**Data extract:**
══════

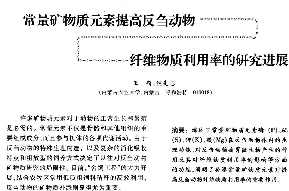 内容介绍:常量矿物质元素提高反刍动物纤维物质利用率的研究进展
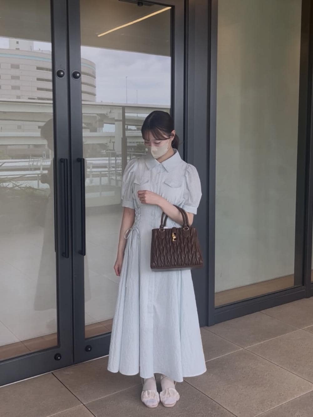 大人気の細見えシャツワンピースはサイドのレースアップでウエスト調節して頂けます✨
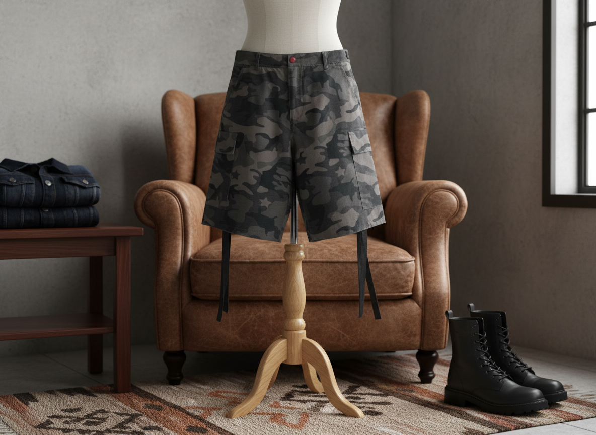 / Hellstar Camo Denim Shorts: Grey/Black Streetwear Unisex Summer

══════

**Aim of the task:** Please retype the listing above word for word, skipping each picture.

**Solution for this problem:**
 内容介绍:常量矿物质元素提高反刍动物纤维物质利用率的研究进展
 大人気の細見えシャツワンピースはサイドのレースアップでウエスト調節して頂けます✨
 / Hellstar Camo Denim Shorts: Grey/Black Streetwear Unisex Summer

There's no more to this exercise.